REPO_NAME = "fb2nep-epi"
REPO_URL  = "https://github.com/ggkuhnle/fb2nep-epi.git"
IN_COLAB  = "google.colab" in sys.modules

def ensure_repo_on_path():
    here = pathlib.Path.cwd()
    # Walk up a few levels to find scripts/bootstrap.py
    for p in [here, *here.parents]:
        if (p / "scripts" / "bootstrap.py").exists():
            os.chdir(p)                 # normalise CWD to repo root
            sys.path.append(str(p))     # ensure imports like "from scripts..." work
            return p
    # Not found locally: if on Colab, clone then chdir
    if IN_COLAB:
        # clone only if missing
        if not (pathlib.Path("/content") / REPO_NAME).exists():
            subprocess.run(["git", "clone", REPO_URL], check=False)
        os.chdir(f"/content/{REPO_NAME}")
        sys.path.append(os.getcwd())
        return pathlib.Path.cwd()
    # Otherwise, we can’t proceed
    raise FileNotFoundError("Could not find repo root containing scripts/bootstrap.py")

repo_root = ensure_repo_on_path()
print("Repo root:", repo_root)

In [None]:
# Bootstrap: ensure repo root on path, then import init
import sys, pathlib
sys.path.append(str(pathlib.Path.cwd().parent))
from scripts.bootstrap import init
df, ctx = init()
df.head(2)

## 1) Inclusion / Exclusion rules (edit if needed)

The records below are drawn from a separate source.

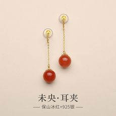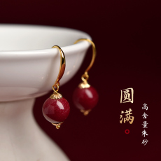 保真正品朱砂耳钉红色耳饰气质中国风耳坠耳环简约百搭喜庆首饰品
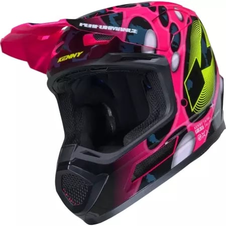 Casque Cross Kenny Performance Graphic + Pop System Rose Jaune Noir - Casque Cross KENNY
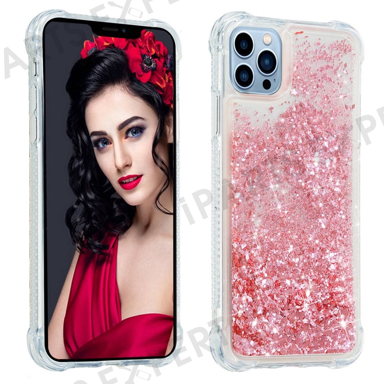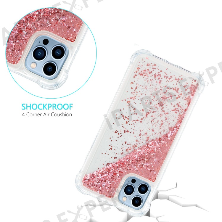 For iPhone 14 Pro 6.1 inch Glitter Quicksand Case Shiny Floating Liquid Transparent Soft TPU Phone Cover - Pink
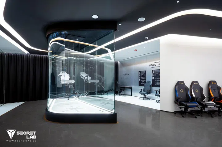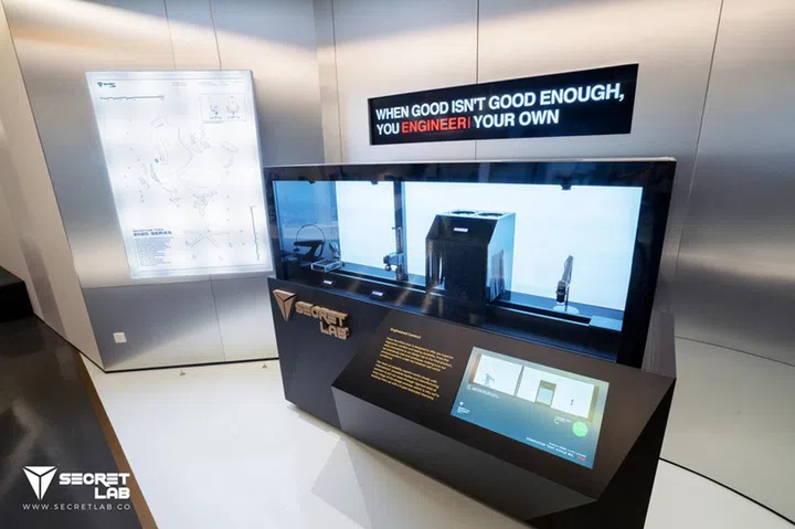 In the center of Secretlab's upgraded showroom and customer experience center, they have created a display exhibit of their chair where customers can see the different mechanisms and parts engineered by the company.

**Default rules for this cohort**
- Age ≥ 40 years at baseline.
- Non-missing: key covariates for modelling: `age`, `sex`, `BMI`, `SES_class`, `IMD_quintile`, `smoking_status`.
- For *prospective* analyses later, require `baseline_date` present.
- Exposure/outcome specific requirements will be applied in their respective notebooks.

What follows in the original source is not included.